India called me, and I responded.

I learned Hindi and how to use a pressure cooker. That sound goes straight to my brain, though, like a woodpecker picking at my temples. So I’d rather not cook with it. I still don’t know how to wear a sari, and I wouldn’t say I am a fan of the dal bat (rice and lentils) people seem very fond of.

It hasn’t always been easy to adjust to a new culture. The way things function in a new Country needs some getting used to; that’s true in any part of the world, and yet I found my home.

Where I feel the totality of life.

Unfiltered, raw, colorful, in your face, whether you like it or not.

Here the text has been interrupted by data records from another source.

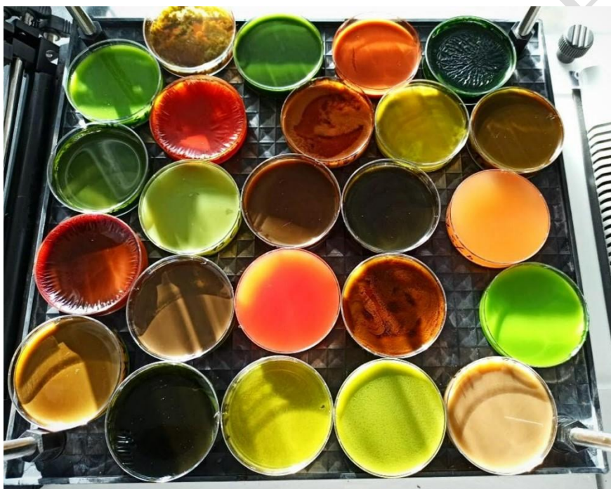
Figure 1. Drying process of aqueous plant extracts using open petri dishes in an incubator shaker at 40°C.

After de drying process, each crude extract was dissolved in the required volume of Dimethyl sulfoxide 5%, v/v (DMSO, BDH Laboratories, VWR International Ltd., USA) to achieve a concentration of 128 mg/ml. The extracts were further sterilized by microfiltration (0.22 µm) and the solution obtained was used in the microdilution process and to prepare the solution used for the well diffusion method (50mg/ml).
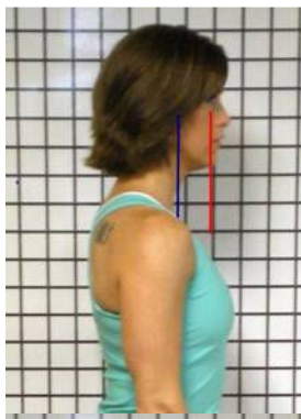
Forward Head Carriage

Have you ever noticed how many people have terrible posture? One of the most common faulty postures is called “forward head carriage” or “anterior based occiput.” Other terms are “hump back” or slouching. There are several reasons for this common postural fault. One is the weight of the head is, on average, approximately 10-13 pounds and if it’s positioned too far forwards, the muscles in the upper back and neck tighten up much more than normal, fatigue and become painful. Also, the muscles that attach to the skull have different degrees of strength. They also attach and pull at different angles, contributing to the common forward head carriage posture. The muscle of the chest are much stronger than those in the mid and upper back and tend to pull our shoulders forward. The following pictures offer a good view of both a faulty posture as well as a “good” posture. Notice the forward shift in the line in the pictures of poor posture and backwards shift in the good posture pictures.
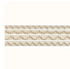
FMM Straight frill cutters no. 1
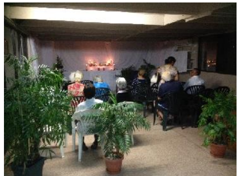
Adoration in the transformed Truelson room
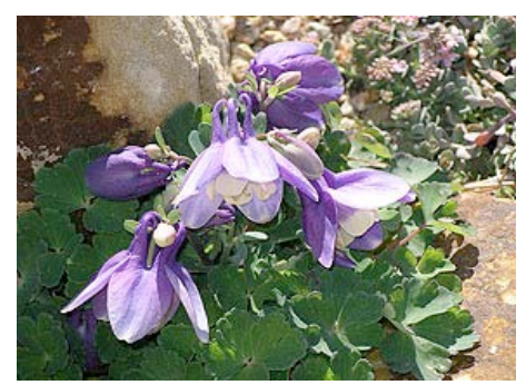
Aquilegia flabellate 'Nana'
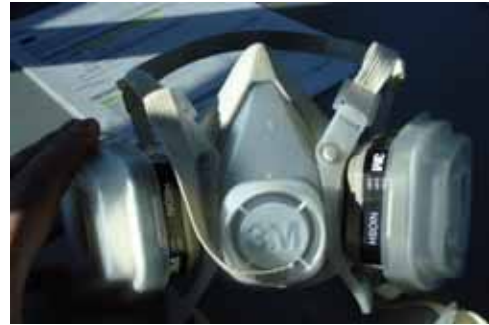
Figure 2. Air purifying, half-face piece respirator with cartridges

Figures 2-4 show the respirators and associated equipment owned by the owner MIFACE spoke with during the on-site interview. Both full-face, supplied air respirators (SARs) and half-mask respirators equipped with organic vapor cartridges were purchased and, the owner noted, should have been available for use depending upon the job parameters.
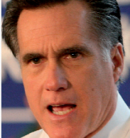
Mitt Romney 77
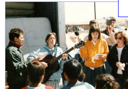
Street Meeting (1987)

God will give us this privilege until we die.
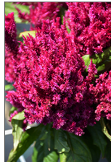
First Flame Purple Celosia flowers

First Flame Purple Celosia is recommended for the following landscape applications;
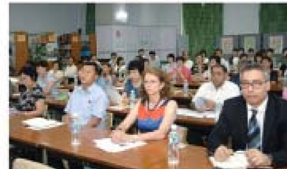
A symposium was held to mark the World Breastfeeding Week in 2016
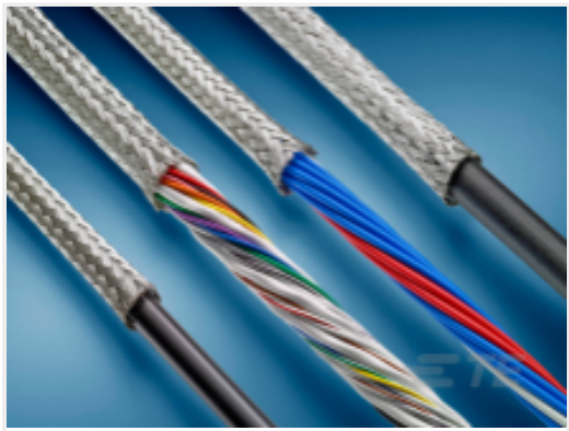
TE Part #CQ50453001 RAY-101-6.0(10)
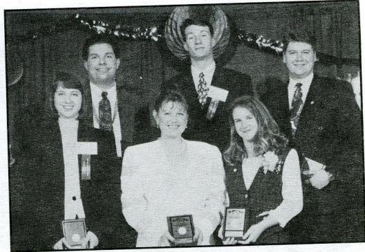
Superiors in communication analysis.

Like holding purple glitter in your hands and blowing into it. Do you see it flying? Everything is at its extreme in India, the sacred, and the profane. After all, isn’t it what being embodied is all about?

I sometimes take breaks and travel back to the West whenever I need to. I feel the disconnection now as if I were looking at it from the outside; in it yet far away, ungrounded, lifted.

Observing and invisible.

It’s a familiar state I am happy to experience every once in a while. I return to it because I am a creature of habit. I like the being inside a balloon kind of feeling. The people-watching, the easiness of it all, and the varieties of Shiraz NYC has available 24×7.

Ok, Elena, get to the point.

The moral of the story.

You can. At any moment. At any age. Under any circumstance. Change your life. And it does not need to make sense to anyone else but you.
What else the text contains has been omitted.